SCB also appeals two orders entered by the District Court on September 23, 2013 and October 4,
2013, which, respectively, found SCB to have consented to four conditions associated with the
complaint’s dismissal and estopped SCB from withdrawing that consent. We assume the parties’
familiarity with the underlying facts, the procedural history of the case, and the issues on appeal.
It is well settled that “[t]o secure dismissal of an action on grounds of forum non conveniens, a
movant must demonstrate the availability of an adequate alternative forum.” Norex Petroleum Ltd. v.
Access Indus., Inc., 416 F.3d 146, 157 (2d Cir. 2005). We have previously held that a District Court
dismissing on FNC grounds is permitted to condition such a dismissal on a waiver of jurisdictional
and limitations defenses in the foreign forum. See Figueiredo Ferraz E Engenharia de Projeto Ltda. v.
Republic of Peru, 665 F.3d 384, 394 n.12 (2d Cir. 2011). As Judge Newman put the point:
The Supreme Court has explicitly left open the question of whether a court
dismissing on the ground of FNC without ruling on subject matter jurisdiction may
condition the dismissal on waiver of jurisdictional and limitations defenses in the
foreign forum. . . . Until authoritatively advised that this practice is impermissible, we
will continue to approve such waivers[.]
Id. (internal citations omitted).
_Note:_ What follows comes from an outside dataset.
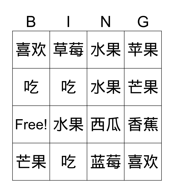 This bingo card has 28 words: 不, 葡萄, 西瓜, 猕猴桃, 喜欢, 吃, 水果, 香蕉, Free!, 芒果, 草莓, 苹果, 火龙果, 草莓, 蓝莓, 桃子, 吃, 水果, 香蕉, 芒果, 草莓, 苹果, 喜欢, 吃, 水果, 香蕉, 芒果 and 草莓.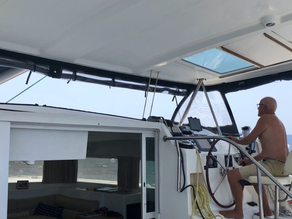 When you are sailing in a monohull it is easy to tell if you are over canvassed – for a start your boat would be leaning over more than is comfortable. In a catamaran there is no tipping over so you don’t get that warning and as this was one of the first times we had been in a bit of a blow with big seas we reduced our sail area.

Thus, it is undisputed that dismissals on FNC grounds, conditioned
on the consent of the party moving for dismissal to waiver of jurisdictional and limitations defenses,
are permissible in the Second Circuit.
In this case, the District Court found that “Standard Chartered, through its counsel,
previously represented to the Court that it considered Tanzania as an adequate alternative forum and
would consent to jurisdiction in Tanzania.” J.A. 119 (emphasis added). Therefore, based upon the
specific factual history of this case, the District Court’s reliance on SCB’s oral and written
expressions of consent in granting SCB’s motion to dismiss on FNC grounds was not clear error.
We have considered the arguments raised by SCB on appeal and find them to be without
merit. For the reasons stated above, the District Court’s rulings on September 10, 2013, September
23, 2013, and October 4, 2013 are AFFIRMED.